Question: Does a person use the system of ABYA de Kedusha even before the Machsom?

My Answer: This system only starts after the Machsom. See the “Introduction to the Book of Zohar” where it speaks about the attainment of Malchut de Assiya.

Question: After the breaking of the vessels (Shevirat ha Kelim) in the World of Nekudim, how did the Parsa reinforce itself to avoid breaking again?

My Answer: In order to receive the Light, it’s necessary to ascend from BYA to Atzilut – this is one of the Parsa’s reinforcements.

Question: Why is Ein Sof (Infinity) surrounded by Igulim (circles)?

My Answer: Because everyone is equal and there are no limitations.

Question: In Kabbalah, are there things like the devil and other evil forces, or are these just metaphors for egoism?
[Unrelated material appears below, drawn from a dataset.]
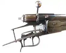 - La boîte de culasse avec coin et appareil de détente.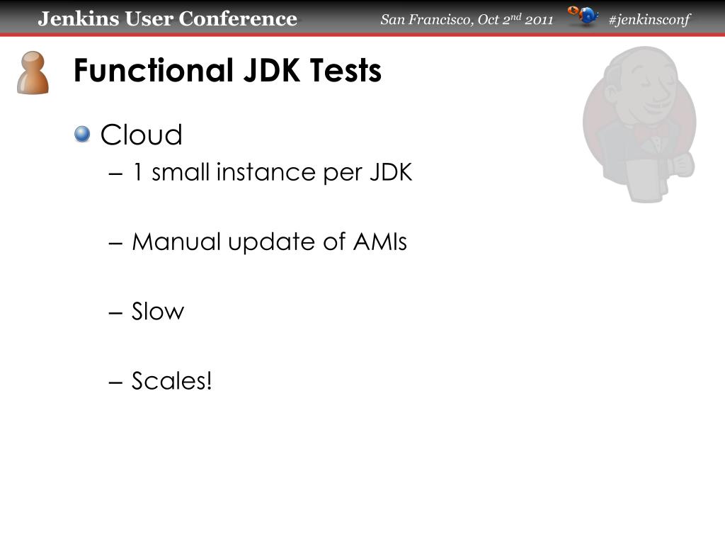 Functional JDK Tests • Cloud • 1 small instance per JDK • Manual update of AMIs • Slow • Scales!

My Answer: The only thing that was created is desire. Its different, particular forms have different names. My sensations of myself and of my surroundings are also desires or forces, but we perceive them as vectors on a TV screen, as pictures. In reality, the only things that exist are the force of reception (creation) and the force of bestowal (the Creator). They depict the entire picture we see. When we attain these forces, we are immediately freed from the illusion of the visible picture of the world, and therefore, Kabbalah describes our world as being imaginary and dreamlike.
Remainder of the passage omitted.